If none of the errors above are displayed, go to Step 10.
5. Online the RAID controller.
Make an attempt to online the RAID controller, using the user interface. The symptoms that have been indicated thus far point to something other than a hardware problem on the RAID controller itself.
Sun Storage Common Array Manager
Browser
- Expand Storage Array in the left window menu tree
- Click on your array name
- Click on the Service Advisor button in the top right corner of the browser window.
- Find and Expand Place a Controller Online in the Troubleshooting and Recovery Section
- Select the faulted controller, and follow the instructions in the right hand pane to place the controller online.
Service CLI
Locations:
Solaris: /opt/SUNWsefms/bin
Windows: c:\Program Files\Sun\Common Array Manager\Component\fms\bin
Linux: /opt/sun/cam/private/fms/bin
service -d array_name -c revive -t [a | b]
NOTE: You must specify controller slot location A or B.
SANtricity Storage Manager
GUI
- Open the Array Management Window for your array
- Select the array controller (will have a red X on it)
- Open the Advanced Menu
- Select the Recovery Sub-Menu
- Select the Place Controller Sub-Menu
- Select Online
SMcli
SMcli -n array_name -c "set controller [(a|b)] availability=online;"

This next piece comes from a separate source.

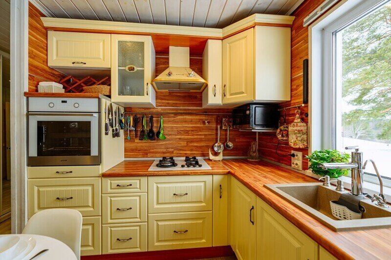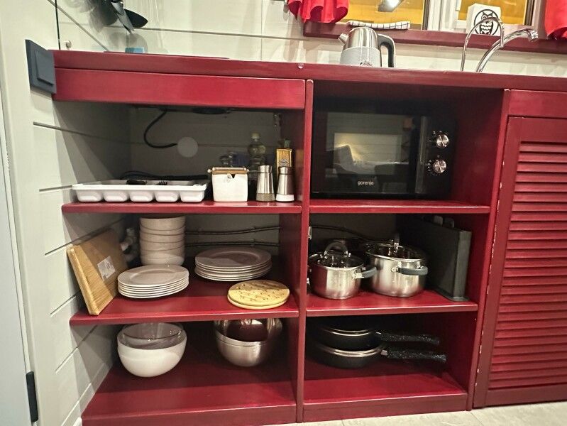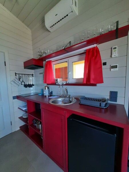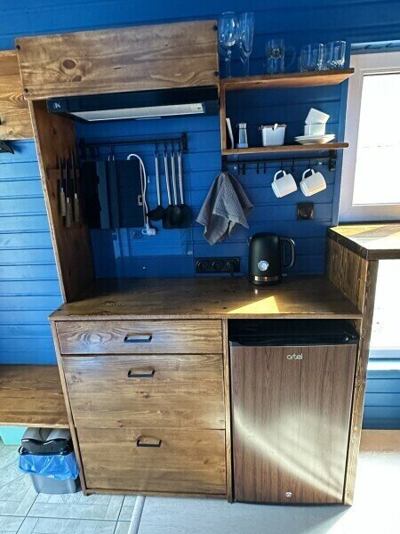 Также в домах оборудована кухня, на которой есть все необходимое для готовки. А на прилегающей территории имеется мангальная зона с дровами.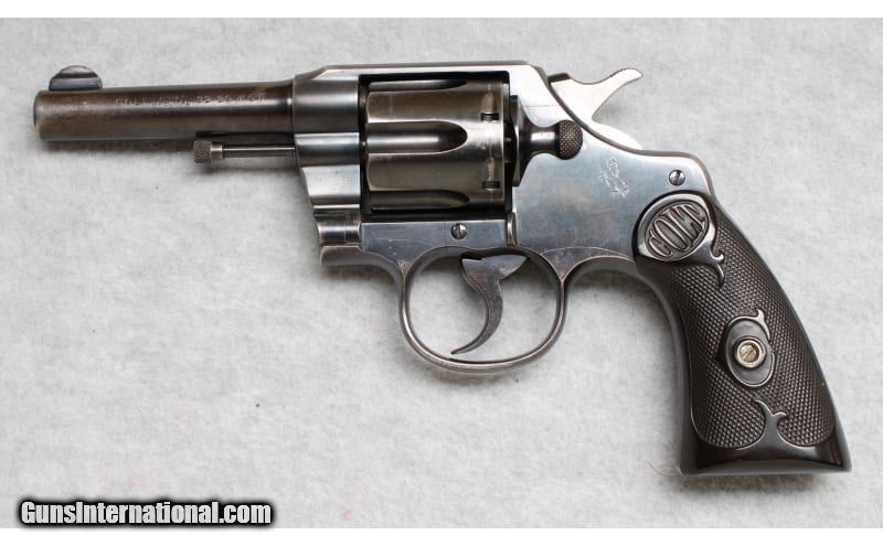 Description: Good condition, some finish wear, small nicks and scratches. The Colt Army Special is a double action, six round revolver. They were built from 1908-1927. The Army Special started life as the New Army & New Navy and would evolve into the Official Police in 1927. It was available in 4", 5" and 6" barrel lengths. Available calibers were 22LR, .32-20, .38 Special, .38/200 and .41 long Colt. .32-20 WCF SOLD Chambers: Revolver Metal Condition: Good Bore Condition: Bright Barrels: 4 Triggers: Double and single action Butt Pad: Factory grips Item Location: La Vista, NE |

NOTE: You must specify controller slot location A or B.
- If the request to online the controller fails, go to Step 11.
- If the request to online the controller is successful, and the controller stays up for longer than 5 minutes, go to Step 6.
- If the request to online the controller was successful, but the controller went offline again, go to Step 11.
6. Reset SOC and RLS counters on the array for monitoring.
You have indicated that the array controller was successfully placed online and made available for longer than 5 minutes. If this issue is intermittent, the controller may go offline again. In order to help with diagnosis in the event that this occurs, we need to set baselines for error statistics on the array.
The RLS (Read Link Status) and SOC (Switch On Chip) statistics are collected as part of normal array support collections, and can be zeroed out very easily for further diagnosis, as follows. Often, a controller will go offline due to a communication issue, which requires this data as part of the investigation.
NOTE: This is not available for 2510, 2530, or 2540 arrays, although the collection of the error counters is. If this is your array type, you do not need to run the commands, but should follow the instructions on what action to take, regardless.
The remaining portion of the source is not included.